§ **Activity**
The response should contain all of the records, copied exactly, and none of the images.

§ **Data under study**
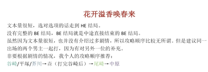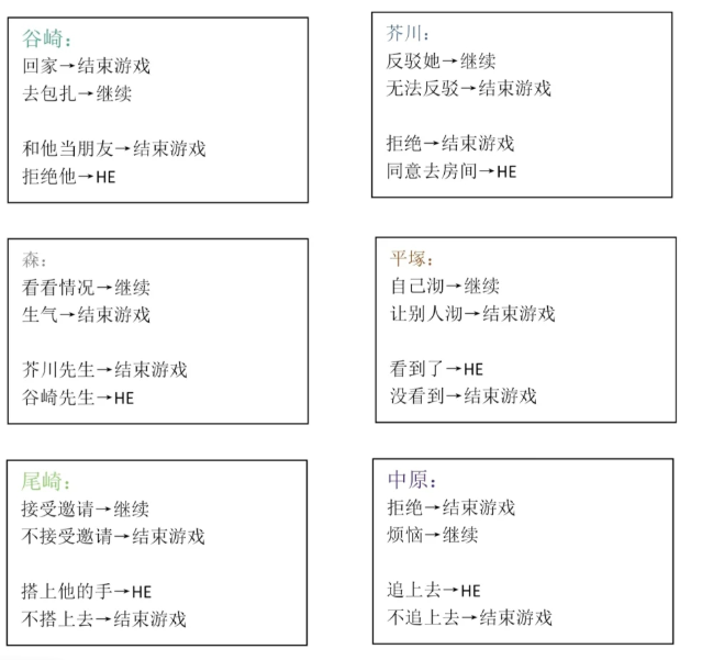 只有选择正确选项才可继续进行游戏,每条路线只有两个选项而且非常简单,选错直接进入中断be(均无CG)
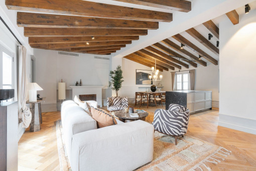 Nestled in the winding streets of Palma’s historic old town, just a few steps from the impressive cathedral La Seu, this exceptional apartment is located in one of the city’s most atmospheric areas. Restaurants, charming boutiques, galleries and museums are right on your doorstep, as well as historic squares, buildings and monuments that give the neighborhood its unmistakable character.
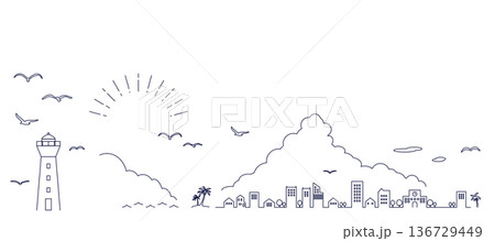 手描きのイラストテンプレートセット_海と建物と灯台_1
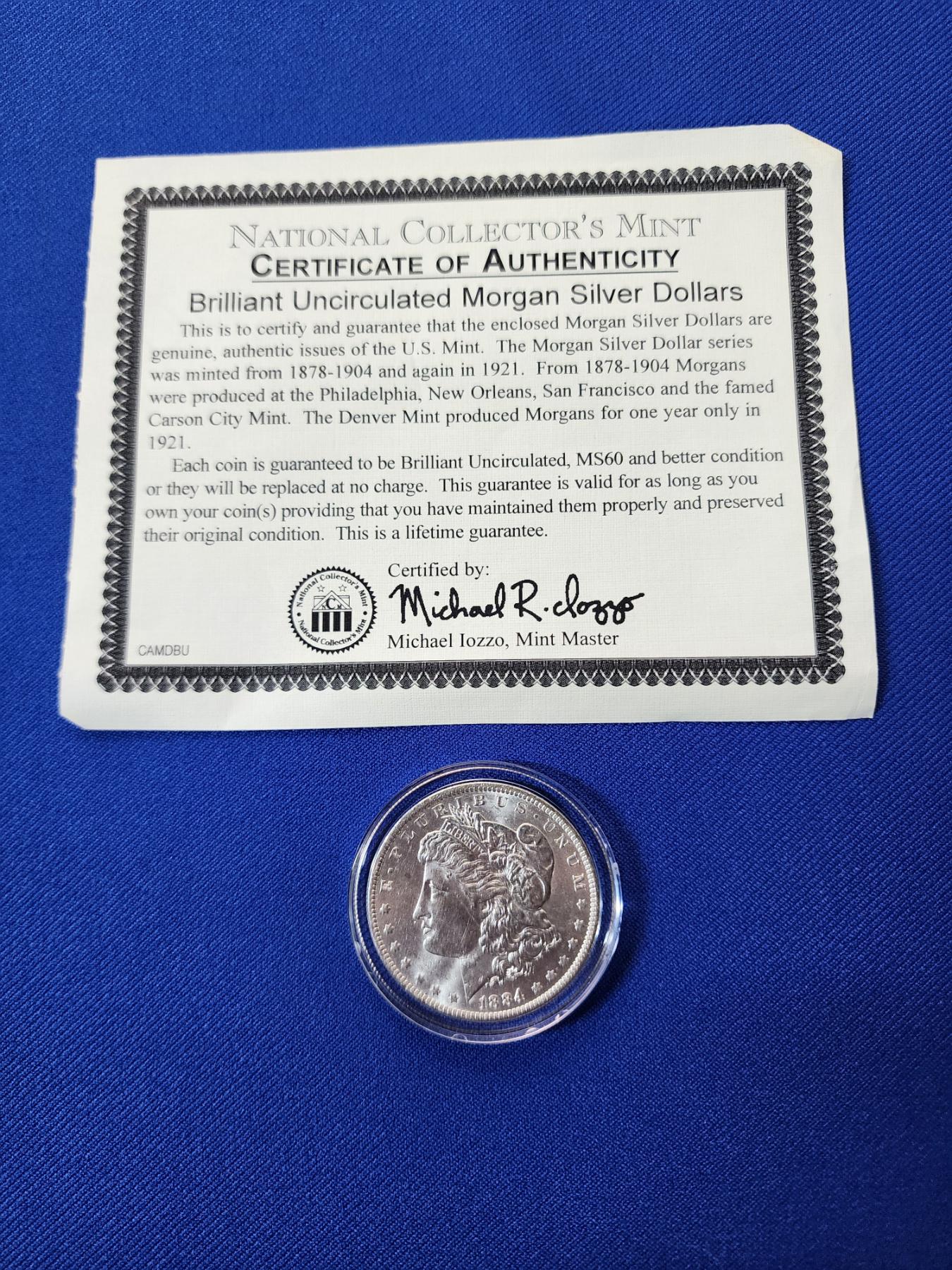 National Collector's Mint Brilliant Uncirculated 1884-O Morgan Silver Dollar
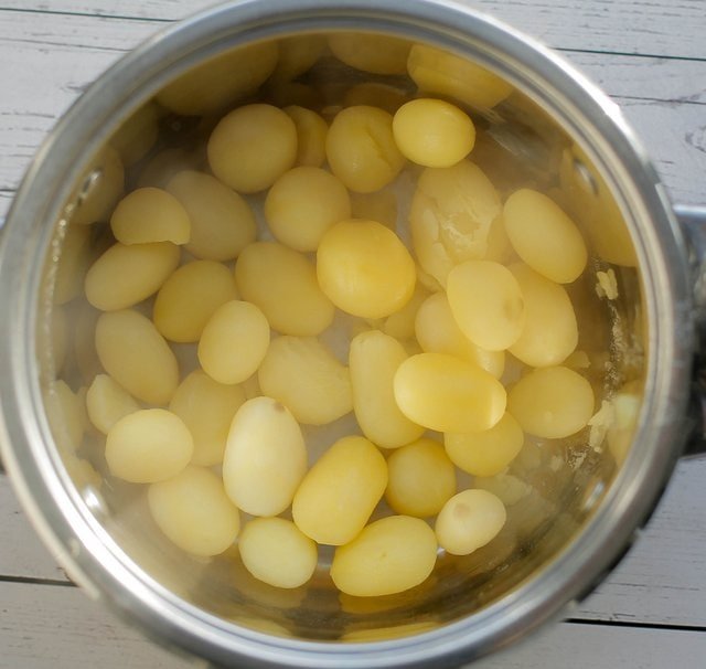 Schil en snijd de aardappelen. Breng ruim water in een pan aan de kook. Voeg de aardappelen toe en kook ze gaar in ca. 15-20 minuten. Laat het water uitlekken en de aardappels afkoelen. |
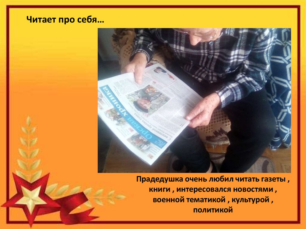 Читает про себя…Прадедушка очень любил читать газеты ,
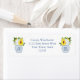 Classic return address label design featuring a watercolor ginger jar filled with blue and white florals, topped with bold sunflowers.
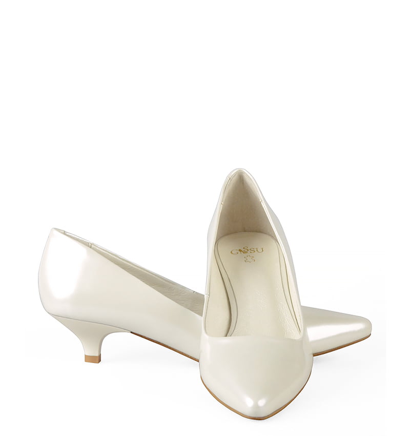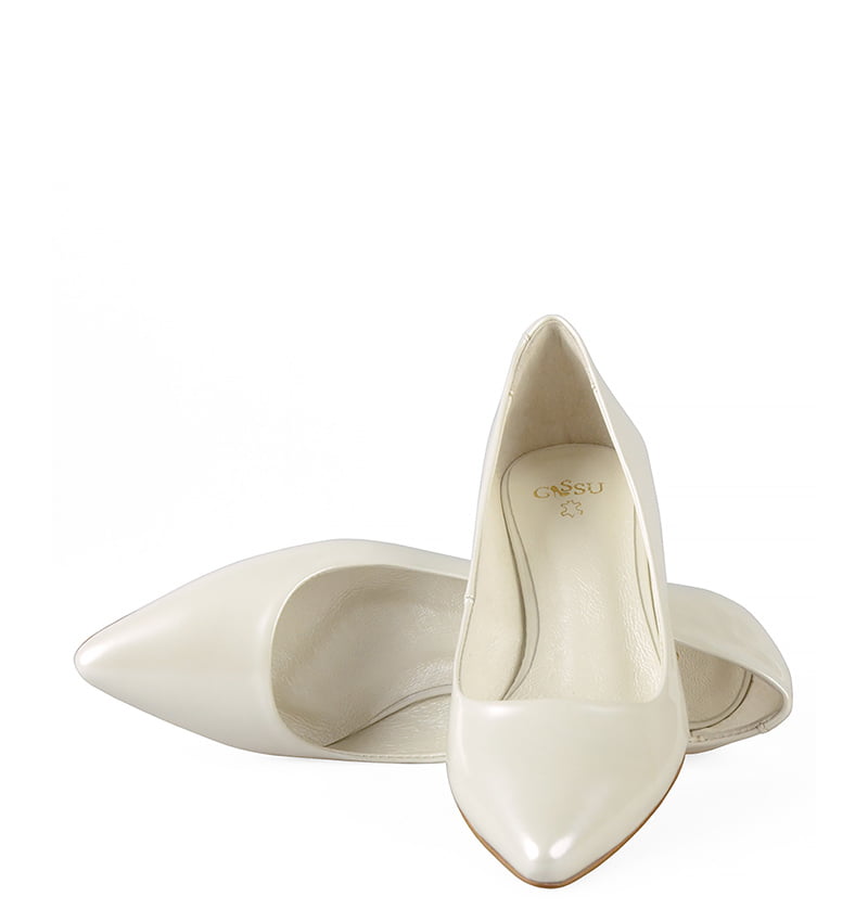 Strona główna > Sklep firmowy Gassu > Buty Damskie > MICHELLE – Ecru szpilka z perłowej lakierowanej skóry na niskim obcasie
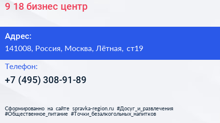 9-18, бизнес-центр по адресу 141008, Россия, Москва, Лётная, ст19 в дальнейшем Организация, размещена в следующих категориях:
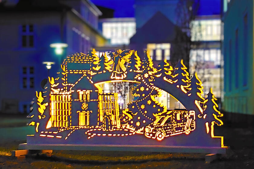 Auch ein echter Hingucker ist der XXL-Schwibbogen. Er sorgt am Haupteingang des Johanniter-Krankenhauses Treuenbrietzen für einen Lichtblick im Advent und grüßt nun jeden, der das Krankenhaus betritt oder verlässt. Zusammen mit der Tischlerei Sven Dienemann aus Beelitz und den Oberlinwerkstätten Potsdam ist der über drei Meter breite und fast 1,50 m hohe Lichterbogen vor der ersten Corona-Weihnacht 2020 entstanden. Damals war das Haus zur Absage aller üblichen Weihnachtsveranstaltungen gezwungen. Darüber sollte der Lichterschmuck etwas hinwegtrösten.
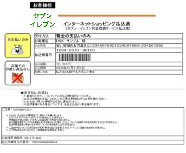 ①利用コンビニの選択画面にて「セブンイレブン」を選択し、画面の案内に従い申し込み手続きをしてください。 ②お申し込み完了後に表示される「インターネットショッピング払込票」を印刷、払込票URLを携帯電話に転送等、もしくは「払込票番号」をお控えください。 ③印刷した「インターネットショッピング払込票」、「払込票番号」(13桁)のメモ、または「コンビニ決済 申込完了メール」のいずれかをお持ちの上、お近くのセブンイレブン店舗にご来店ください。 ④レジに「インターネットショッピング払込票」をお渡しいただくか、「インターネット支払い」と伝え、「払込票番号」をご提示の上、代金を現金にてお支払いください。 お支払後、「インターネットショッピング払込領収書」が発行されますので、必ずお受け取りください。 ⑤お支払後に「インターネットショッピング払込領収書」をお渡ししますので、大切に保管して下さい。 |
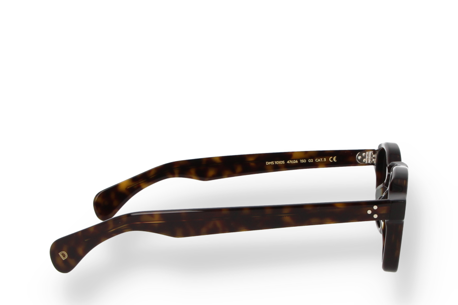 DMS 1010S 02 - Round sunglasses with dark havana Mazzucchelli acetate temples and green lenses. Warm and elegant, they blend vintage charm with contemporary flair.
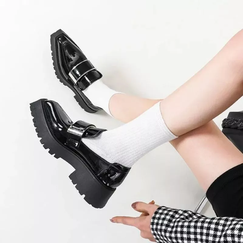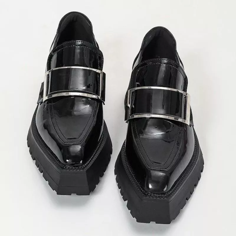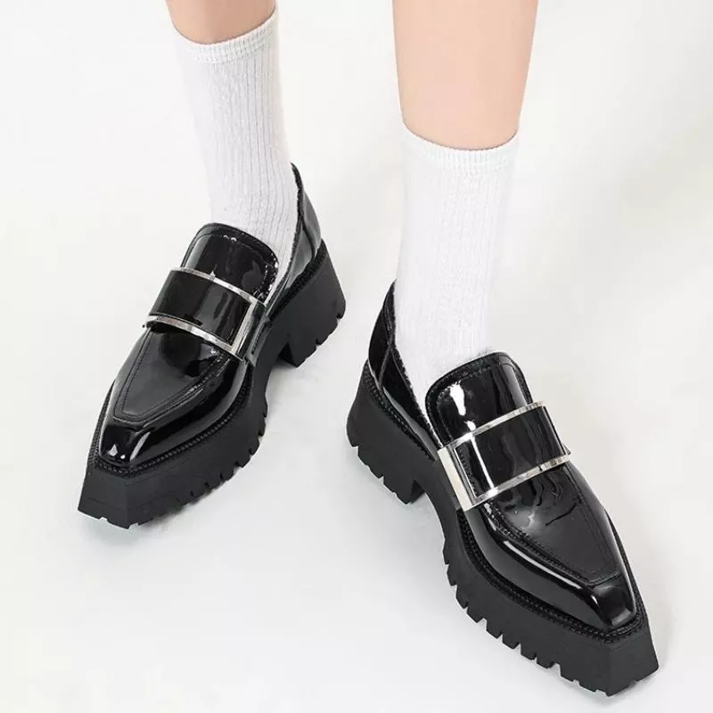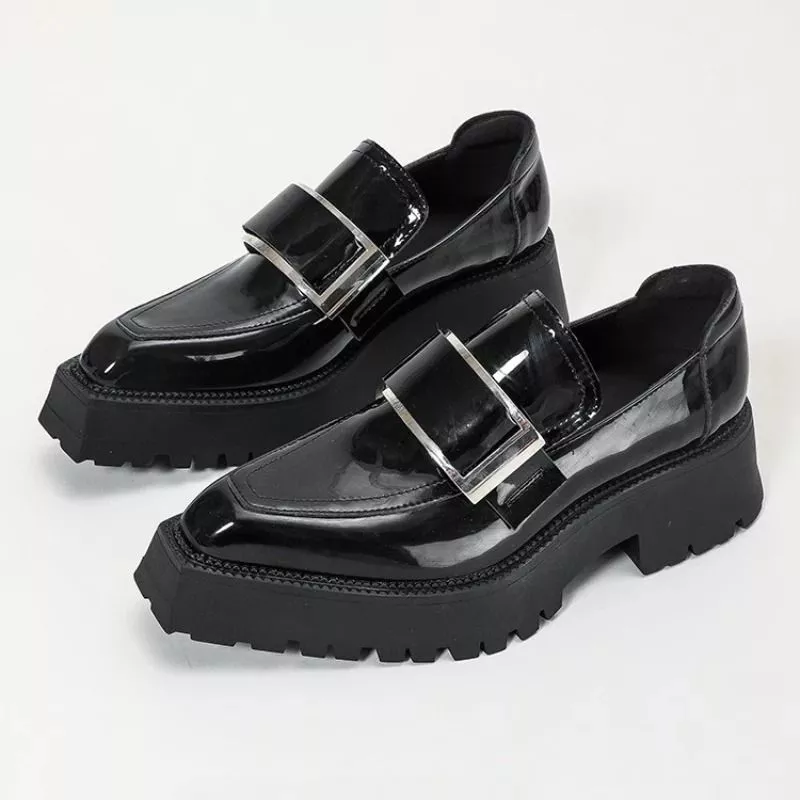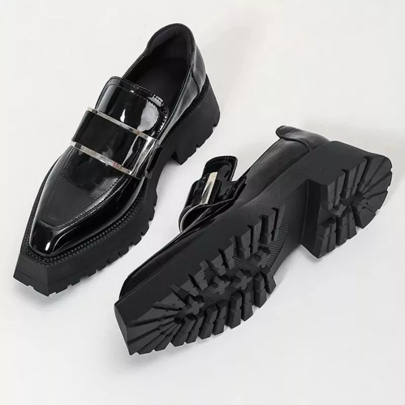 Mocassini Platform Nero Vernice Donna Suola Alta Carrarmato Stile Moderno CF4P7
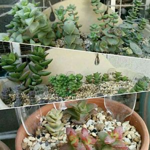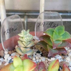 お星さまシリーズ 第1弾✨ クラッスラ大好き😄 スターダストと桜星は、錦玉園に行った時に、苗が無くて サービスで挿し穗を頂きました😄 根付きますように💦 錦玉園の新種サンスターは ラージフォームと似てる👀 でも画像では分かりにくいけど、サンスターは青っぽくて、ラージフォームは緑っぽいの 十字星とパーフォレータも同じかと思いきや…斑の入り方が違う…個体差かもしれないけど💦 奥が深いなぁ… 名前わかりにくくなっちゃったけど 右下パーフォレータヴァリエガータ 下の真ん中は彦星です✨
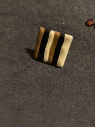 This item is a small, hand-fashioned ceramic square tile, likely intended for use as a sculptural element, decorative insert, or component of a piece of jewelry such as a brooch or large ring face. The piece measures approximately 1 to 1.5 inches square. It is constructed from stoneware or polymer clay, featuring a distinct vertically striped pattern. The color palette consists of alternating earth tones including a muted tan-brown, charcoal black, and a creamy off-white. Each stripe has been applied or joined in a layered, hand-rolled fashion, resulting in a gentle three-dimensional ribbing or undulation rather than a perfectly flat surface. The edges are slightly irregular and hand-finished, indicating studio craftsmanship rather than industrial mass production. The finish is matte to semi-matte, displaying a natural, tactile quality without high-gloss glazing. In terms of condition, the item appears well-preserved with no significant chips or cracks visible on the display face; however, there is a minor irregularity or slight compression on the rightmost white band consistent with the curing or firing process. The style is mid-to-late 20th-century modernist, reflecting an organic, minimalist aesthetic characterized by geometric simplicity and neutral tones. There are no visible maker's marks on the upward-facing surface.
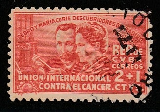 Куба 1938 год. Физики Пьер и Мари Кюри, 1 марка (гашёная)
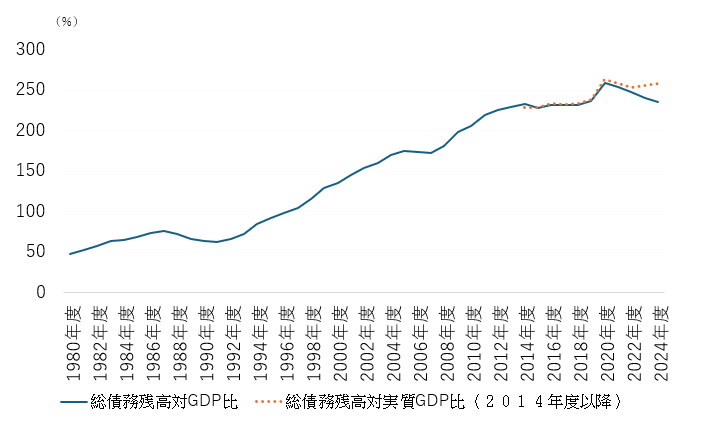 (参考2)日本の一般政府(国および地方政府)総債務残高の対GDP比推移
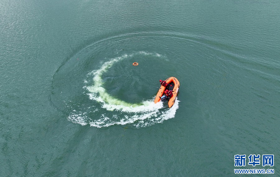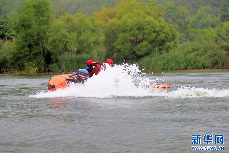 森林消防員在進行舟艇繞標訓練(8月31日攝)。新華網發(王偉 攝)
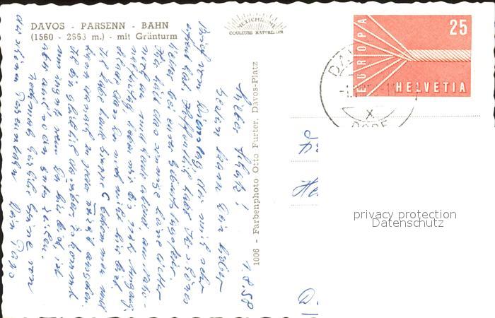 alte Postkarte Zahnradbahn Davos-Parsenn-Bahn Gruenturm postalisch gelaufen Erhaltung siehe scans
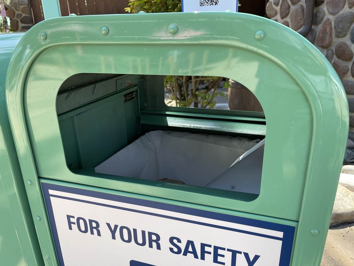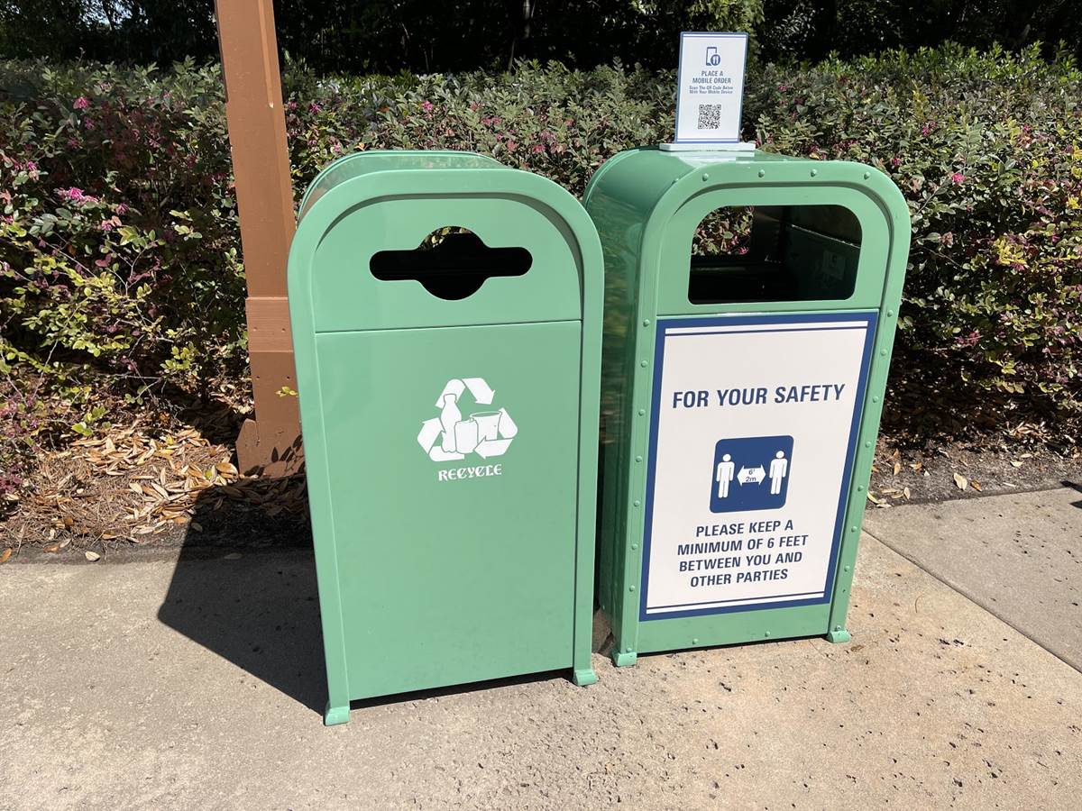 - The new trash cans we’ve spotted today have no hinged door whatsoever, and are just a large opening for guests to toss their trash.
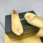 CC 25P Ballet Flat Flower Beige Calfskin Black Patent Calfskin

§ **Your response**
 只有选择正确选项才可继续进行游戏,每条路线只有两个选项而且非常简单,选错直接进入中断be(均无CG)
 Nestled in the winding streets of Palma’s historic old town, just a few steps from the impressive cathedral La Seu, this exceptional apartment is located in one of the city’s most atmospheric areas. Restaurants, charming boutiques, galleries and museums are right on your doorstep, as well as historic squares, buildings and monuments that give the neighborhood its unmistakable character.
 手描きのイラストテンプレートセット_海と建物と灯台_1
 National Collector's Mint Brilliant Uncirculated 1884-O Morgan Silver Dollar
 Schil en snijd de aardappelen. Breng ruim water in een pan aan de kook. Voeg de aardappelen toe en kook ze gaar in ca. 15-20 minuten. Laat het water uitlekken en de aardappels afkoelen. |
 Читает про себя…Прадедушка очень любил читать газеты ,
 Classic return address label design featuring a watercolor ginger jar filled with blue and white florals, topped with bold sunflowers.
 Strona główna > Sklep firmowy Gassu > Buty Damskie > MICHELLE – Ecru szpilka z perłowej lakierowanej skóry na niskim obcasie
 9-18, бизнес-центр по адресу 141008, Россия, Москва, Лётная, ст19 в дальнейшем Организация, размещена в следующих категориях:
 Auch ein echter Hingucker ist der XXL-Schwibbogen. Er sorgt am Haupteingang des Johanniter-Krankenhauses Treuenbrietzen für einen Lichtblick im Advent und grüßt nun jeden, der das Krankenhaus betritt oder verlässt. Zusammen mit der Tischlerei Sven Dienemann aus Beelitz und den Oberlinwerkstätten Potsdam ist der über drei Meter breite und fast 1,50 m hohe Lichterbogen vor der ersten Corona-Weihnacht 2020 entstanden. Damals war das Haus zur Absage aller üblichen Weihnachtsveranstaltungen gezwungen. Darüber sollte der Lichterschmuck etwas hinwegtrösten.
 ①利用コンビニの選択画面にて「セブンイレブン」を選択し、画面の案内に従い申し込み手続きをしてください。 ②お申し込み完了後に表示される「インターネットショッピング払込票」を印刷、払込票URLを携帯電話に転送等、もしくは「払込票番号」をお控えください。 ③印刷した「インターネットショッピング払込票」、「払込票番号」(13桁)のメモ、または「コンビニ決済 申込完了メール」のいずれかをお持ちの上、お近くのセブンイレブン店舗にご来店ください。 ④レジに「インターネットショッピング払込票」をお渡しいただくか、「インターネット支払い」と伝え、「払込票番号」をご提示の上、代金を現金にてお支払いください。 お支払後、「インターネットショッピング払込領収書」が発行されますので、必ずお受け取りください。 ⑤お支払後に「インターネットショッピング払込領収書」をお渡ししますので、大切に保管して下さい。 |
 DMS 1010S 02 - Round sunglasses with dark havana Mazzucchelli acetate temples and green lenses. Warm and elegant, they blend vintage charm with contemporary flair.
 Mocassini Platform Nero Vernice Donna Suola Alta Carrarmato Stile Moderno CF4P7
 お星さまシリーズ 第1弾✨ クラッスラ大好き😄 スターダストと桜星は、錦玉園に行った時に、苗が無くて サービスで挿し穗を頂きました😄 根付きますように💦 錦玉園の新種サンスターは ラージフォームと似てる👀 でも画像では分かりにくいけど、サンスターは青っぽくて、ラージフォームは緑っぽいの 十字星とパーフォレータも同じかと思いきや…斑の入り方が違う…個体差かもしれないけど💦 奥が深いなぁ… 名前わかりにくくなっちゃったけど 右下パーフォレータヴァリエガータ 下の真ん中は彦星です✨
 This item is a small, hand-fashioned ceramic square tile, likely intended for use as a sculptural element, decorative insert, or component of a piece of jewelry such as a brooch or large ring face. The piece measures approximately 1 to 1.5 inches square. It is constructed from stoneware or polymer clay, featuring a distinct vertically striped pattern. The color palette consists of alternating earth tones including a muted tan-brown, charcoal black, and a creamy off-white. Each stripe has been applied or joined in a layered, hand-rolled fashion, resulting in a gentle three-dimensional ribbing or undulation rather than a perfectly flat surface. The edges are slightly irregular and hand-finished, indicating studio craftsmanship rather than industrial mass production. The finish is matte to semi-matte, displaying a natural, tactile quality without high-gloss glazing. In terms of condition, the item appears well-preserved with no significant chips or cracks visible on the display face; however, there is a minor irregularity or slight compression on the rightmost white band consistent with the curing or firing process. The style is mid-to-late 20th-century modernist, reflecting an organic, minimalist aesthetic characterized by geometric simplicity and neutral tones. There are no visible maker's marks on the upward-facing surface.
 Куба 1938 год. Физики Пьер и Мари Кюри, 1 марка (гашёная)
 (参考2)日本の一般政府(国および地方政府)総債務残高の対GDP比推移
 森林消防員在進行舟艇繞標訓練(8月31日攝)。新華網發(王偉 攝)
 alte Postkarte Zahnradbahn Davos-Parsenn-Bahn Gruenturm postalisch gelaufen Erhaltung siehe scans
 - The new trash cans we’ve spotted today have no hinged door whatsoever, and are just a large opening for guests to toss their trash.
 CC 25P Ballet Flat Flower Beige Calfskin Black Patent Calfskin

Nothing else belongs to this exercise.